DIRECTIONS FOR THIS TASK:
When you reach the line that contains "Результаты тестов в", please begin copying, and carry on exactly to the last line of the material, leaving out every picture.

DATASET RECORDS:
+ + +

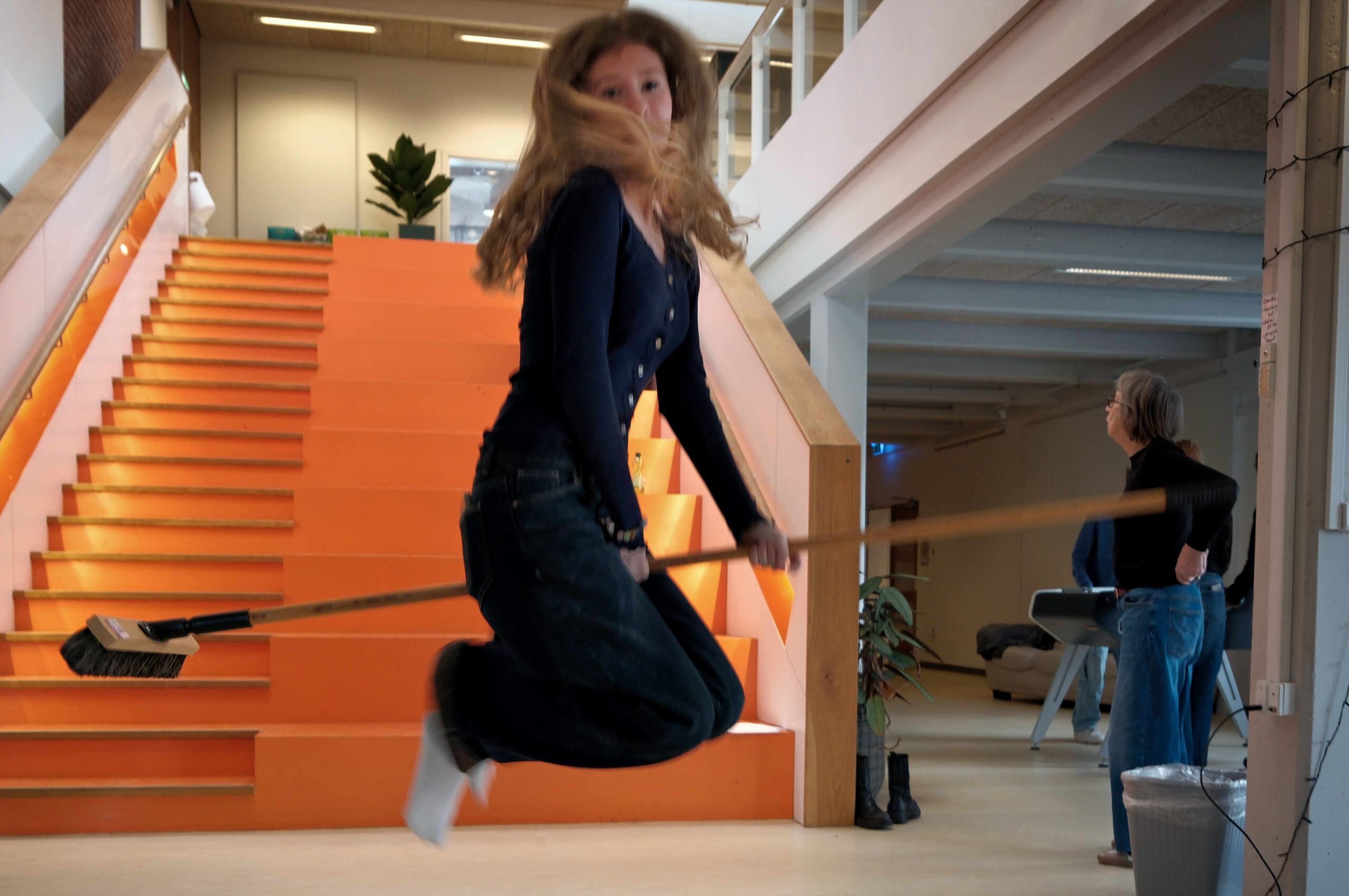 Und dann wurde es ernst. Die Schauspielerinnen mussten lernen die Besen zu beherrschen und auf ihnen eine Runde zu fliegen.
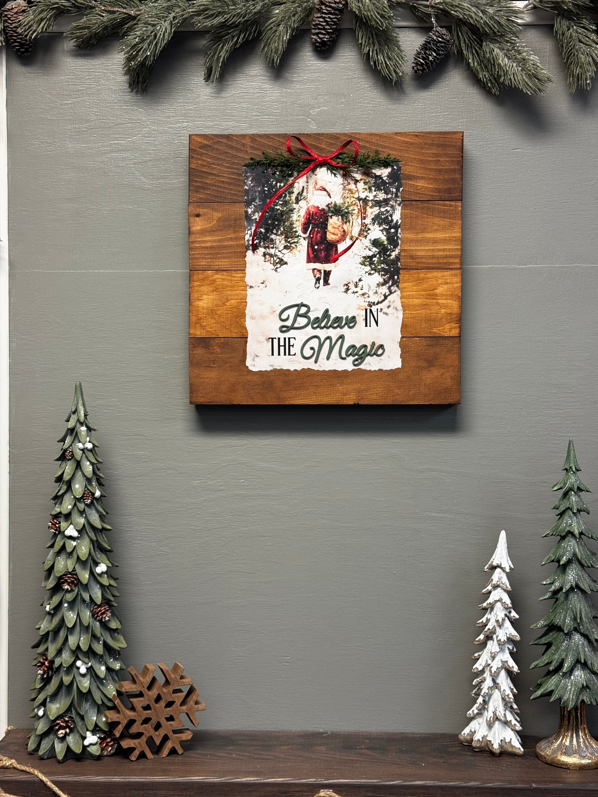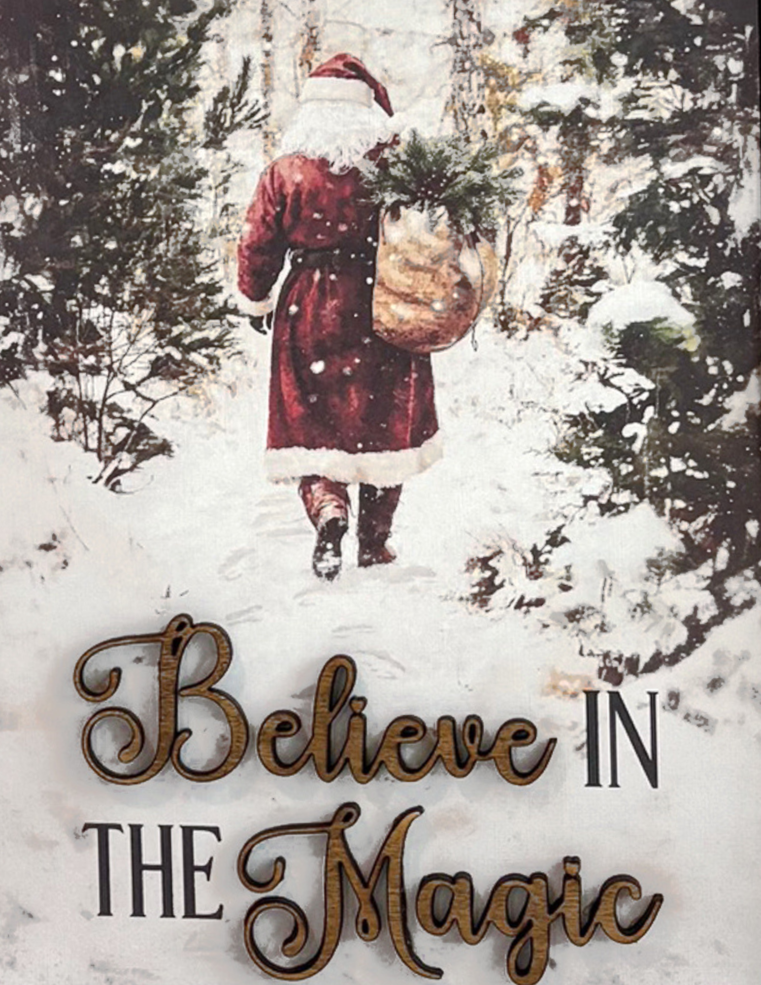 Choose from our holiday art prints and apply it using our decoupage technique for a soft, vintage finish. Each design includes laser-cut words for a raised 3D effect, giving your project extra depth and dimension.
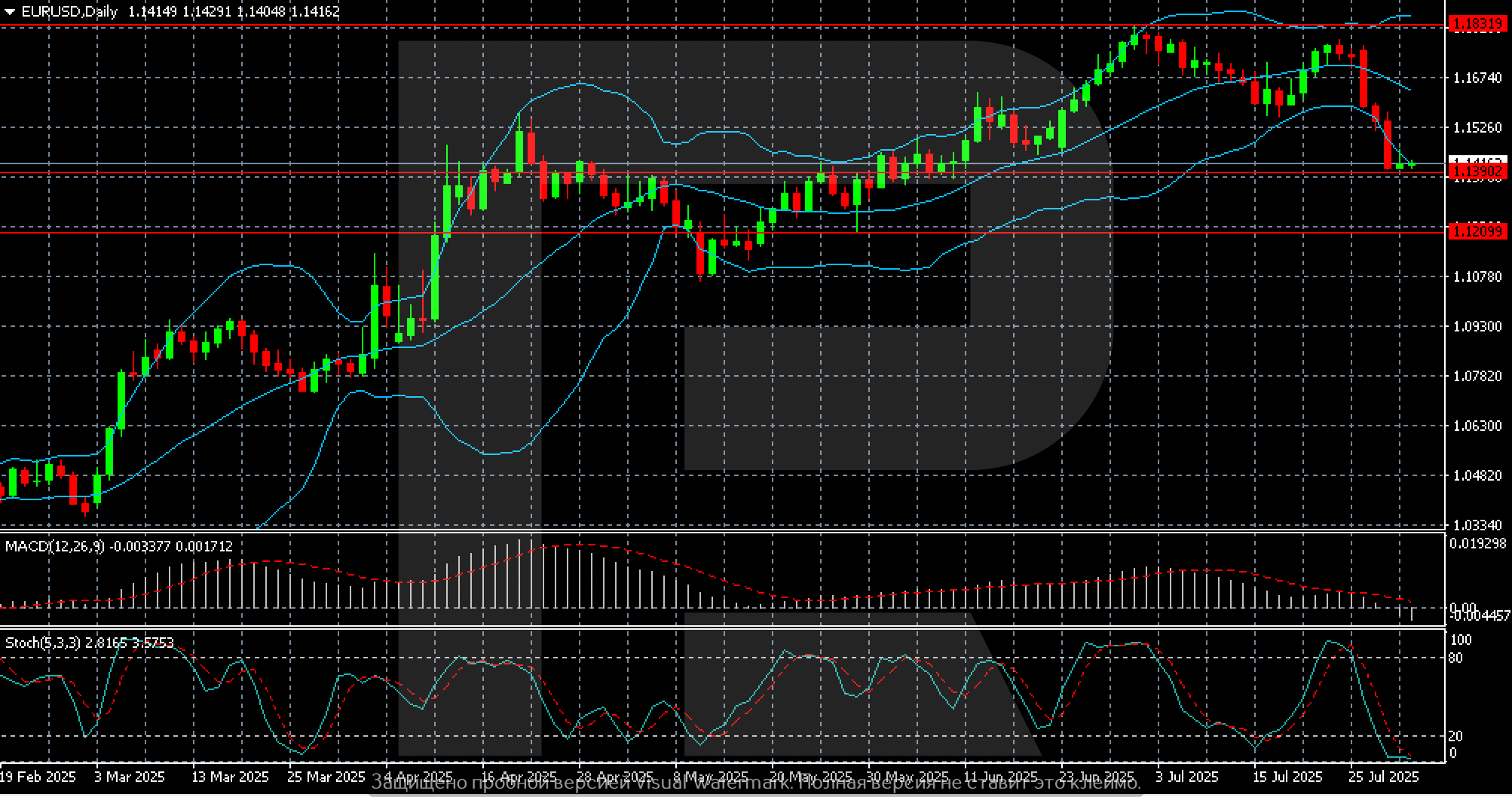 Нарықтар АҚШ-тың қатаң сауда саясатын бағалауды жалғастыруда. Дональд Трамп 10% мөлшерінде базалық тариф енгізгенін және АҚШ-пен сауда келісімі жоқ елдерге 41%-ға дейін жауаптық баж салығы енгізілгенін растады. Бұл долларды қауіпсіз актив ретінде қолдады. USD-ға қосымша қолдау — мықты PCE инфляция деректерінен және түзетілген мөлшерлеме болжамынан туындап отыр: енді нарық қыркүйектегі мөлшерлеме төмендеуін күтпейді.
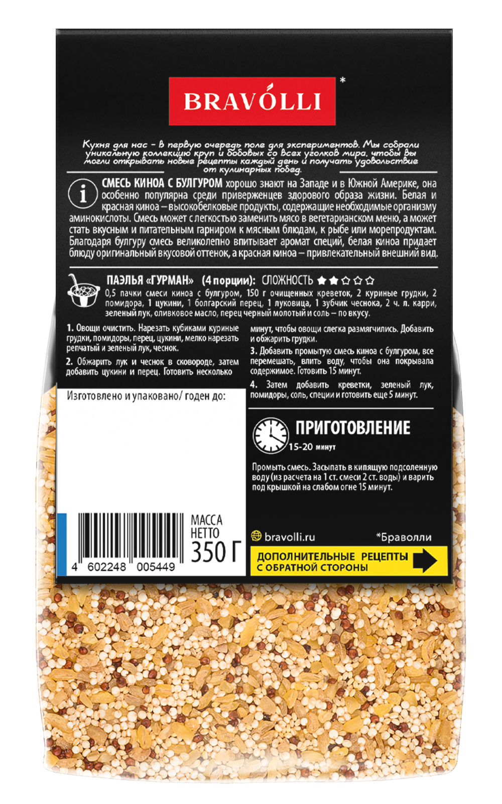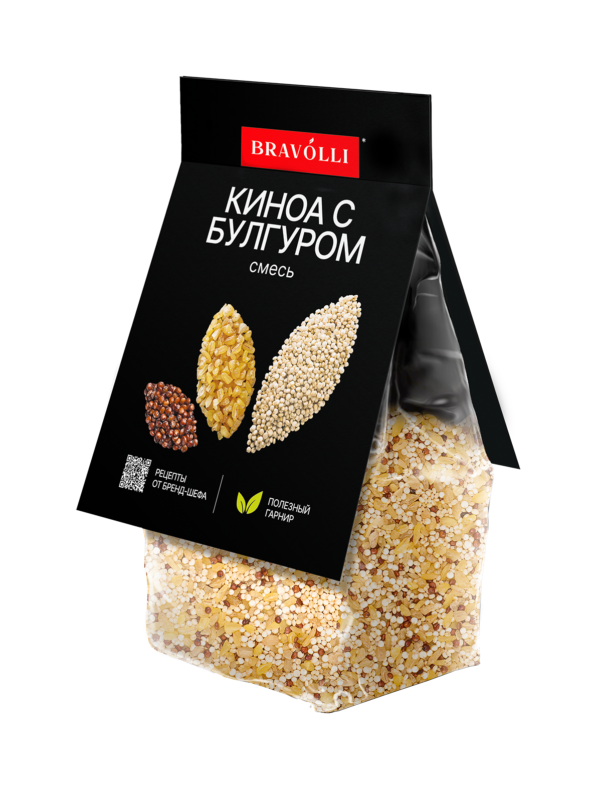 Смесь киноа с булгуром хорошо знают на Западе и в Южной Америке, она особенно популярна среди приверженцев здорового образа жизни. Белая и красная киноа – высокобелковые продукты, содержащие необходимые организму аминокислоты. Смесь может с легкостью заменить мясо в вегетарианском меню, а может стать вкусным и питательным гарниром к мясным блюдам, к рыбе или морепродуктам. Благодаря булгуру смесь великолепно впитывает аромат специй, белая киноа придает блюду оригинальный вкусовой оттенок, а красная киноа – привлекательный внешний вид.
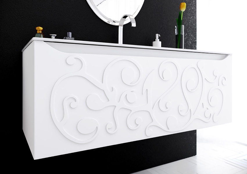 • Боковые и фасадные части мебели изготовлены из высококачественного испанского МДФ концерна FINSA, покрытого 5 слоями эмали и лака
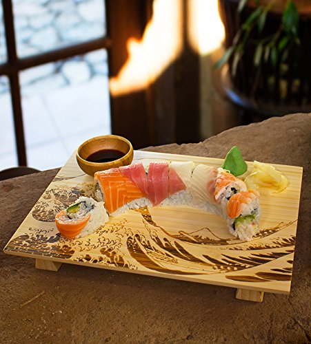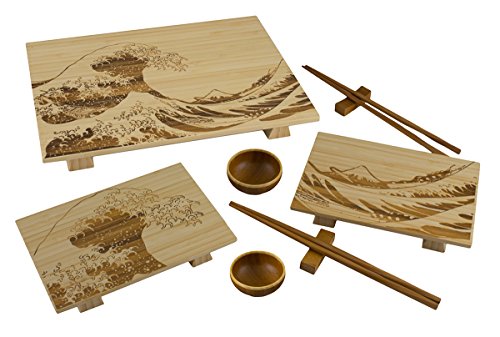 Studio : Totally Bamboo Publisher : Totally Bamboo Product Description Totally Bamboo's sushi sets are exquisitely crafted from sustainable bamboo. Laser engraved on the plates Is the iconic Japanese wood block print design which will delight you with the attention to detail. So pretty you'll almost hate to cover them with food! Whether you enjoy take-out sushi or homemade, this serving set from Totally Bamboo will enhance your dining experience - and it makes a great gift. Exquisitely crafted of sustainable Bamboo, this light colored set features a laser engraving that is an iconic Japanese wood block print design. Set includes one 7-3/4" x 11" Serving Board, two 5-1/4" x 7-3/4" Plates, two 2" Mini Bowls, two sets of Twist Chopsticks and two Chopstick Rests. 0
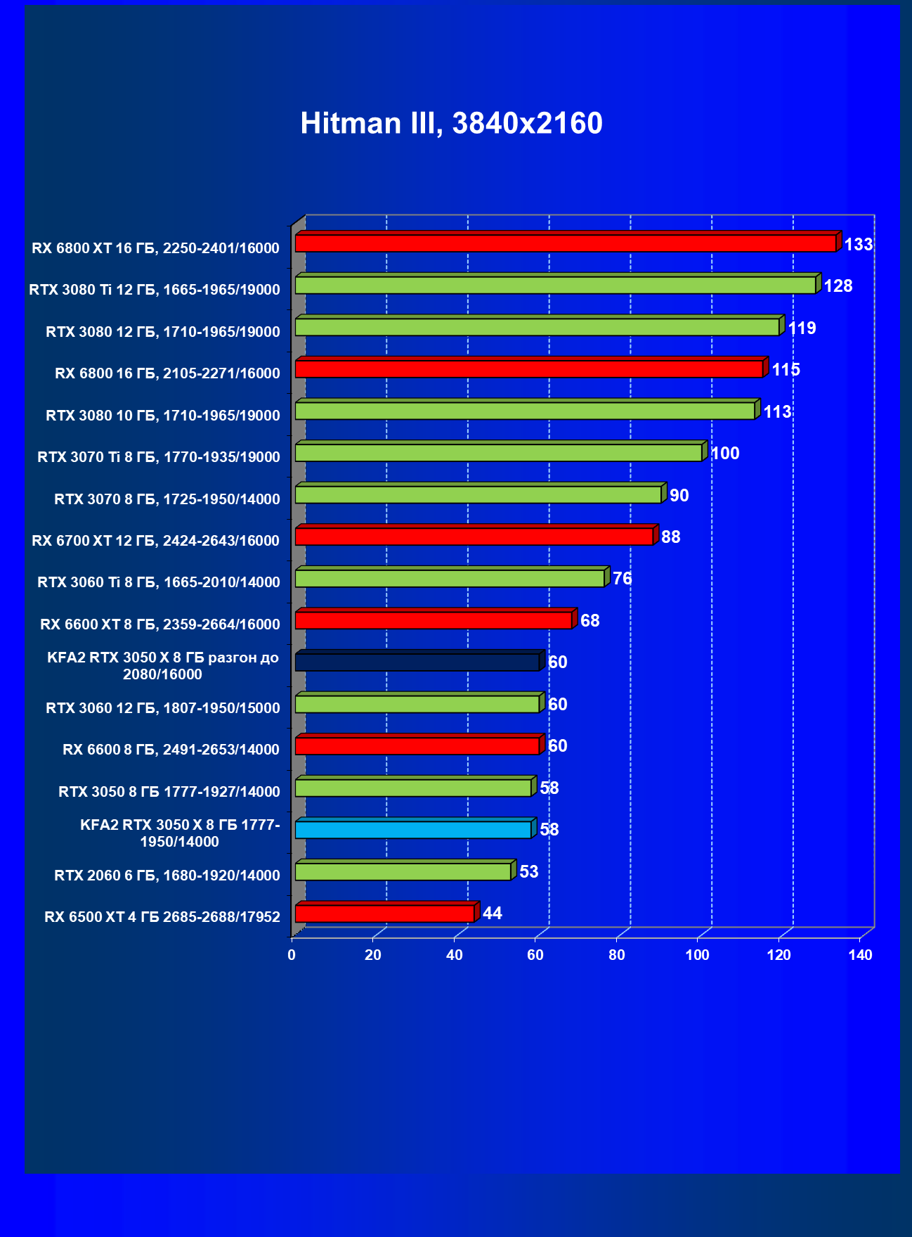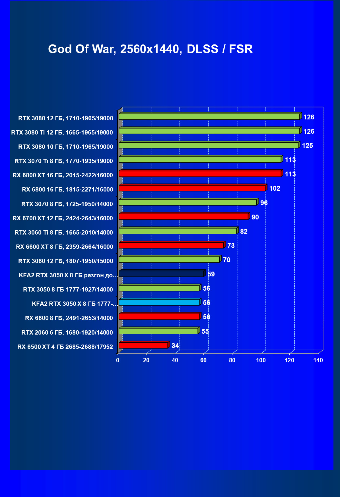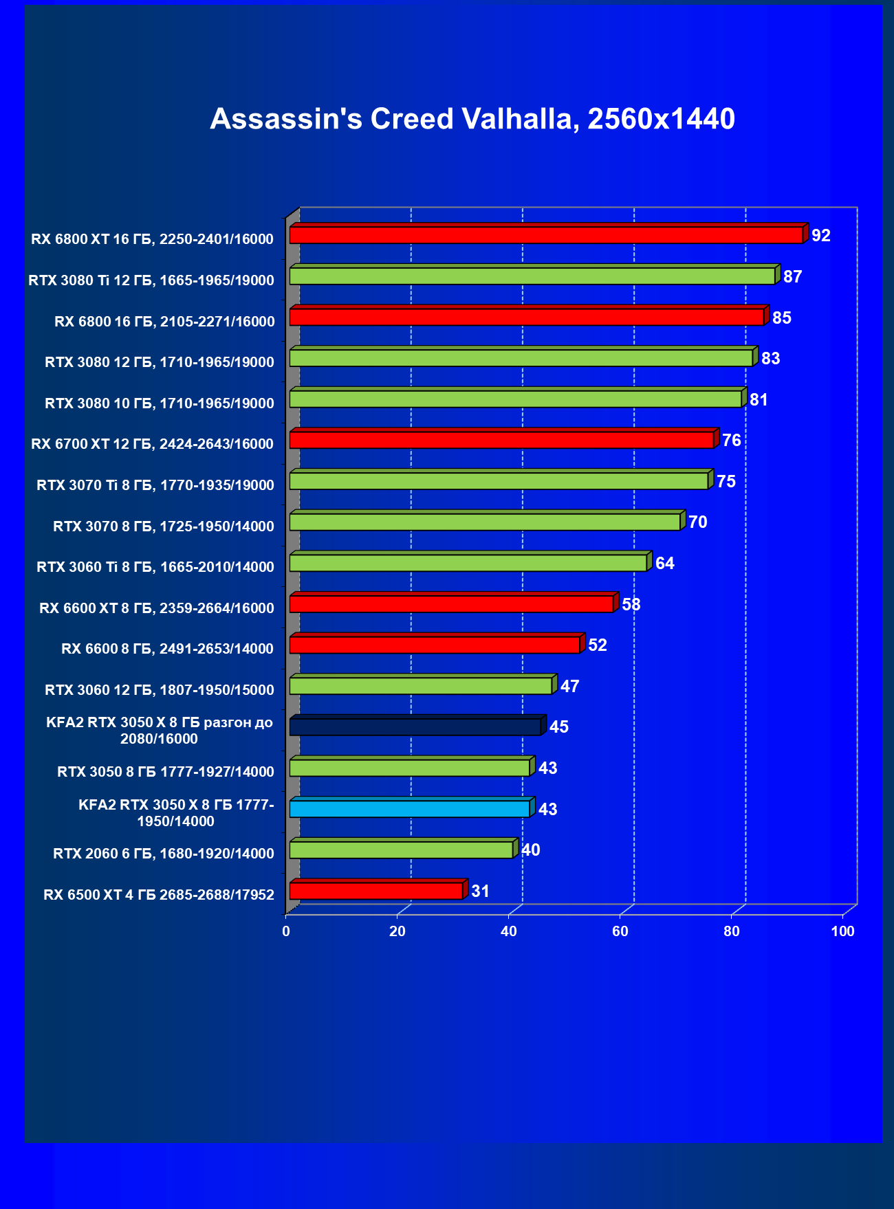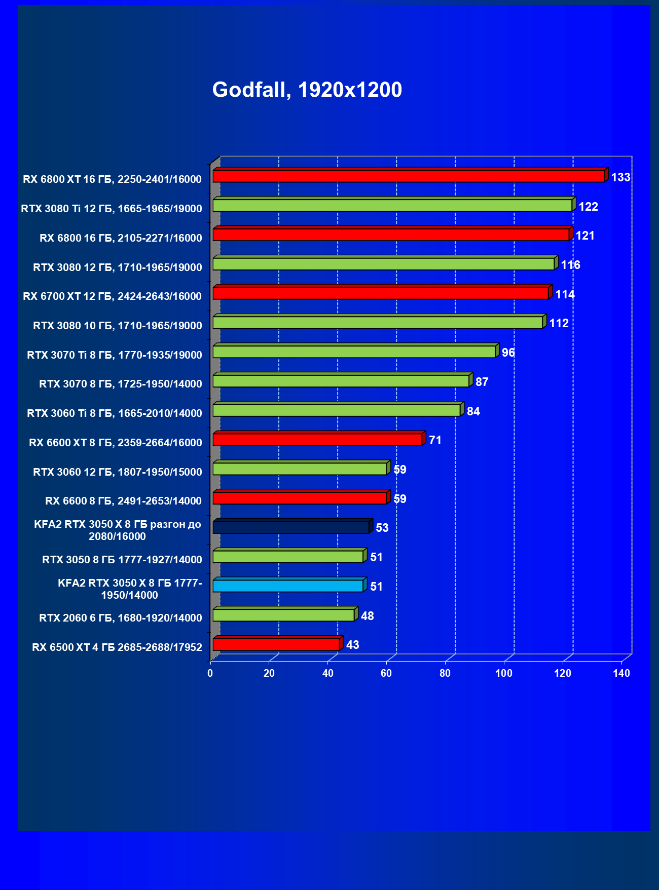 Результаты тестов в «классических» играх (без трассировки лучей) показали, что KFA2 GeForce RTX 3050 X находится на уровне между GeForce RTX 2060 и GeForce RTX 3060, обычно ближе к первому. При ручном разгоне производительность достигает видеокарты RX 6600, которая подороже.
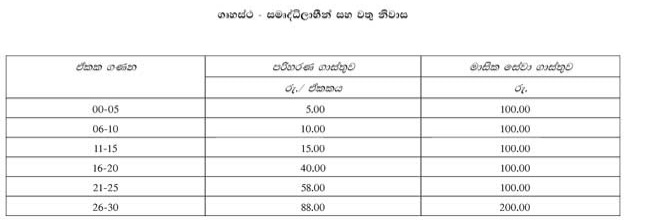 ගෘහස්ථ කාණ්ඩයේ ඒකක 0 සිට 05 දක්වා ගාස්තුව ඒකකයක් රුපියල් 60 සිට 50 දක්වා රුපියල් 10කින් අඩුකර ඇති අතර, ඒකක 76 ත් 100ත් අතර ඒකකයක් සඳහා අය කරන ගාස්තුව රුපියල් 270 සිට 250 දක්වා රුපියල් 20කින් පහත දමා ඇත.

+ + +

EXERCISE OUTPUT:
 Результаты тестов в «классических» играх (без трассировки лучей) показали, что KFA2 GeForce RTX 3050 X находится на уровне между GeForce RTX 2060 и GeForce RTX 3060, обычно ближе к первому. При ручном разгоне производительность достигает видеокарты RX 6600, которая подороже.
 ගෘහස්ථ කාණ්ඩයේ ඒකක 0 සිට 05 දක්වා ගාස්තුව ඒකකයක් රුපියල් 60 සිට 50 දක්වා රුපියල් 10කින් අඩුකර ඇති අතර, ඒකක 76 ත් 100ත් අතර ඒකකයක් සඳහා අය කරන ගාස්තුව රුපියල් 270 සිට 250 දක්වා රුපියල් 20කින් පහත දමා ඇත.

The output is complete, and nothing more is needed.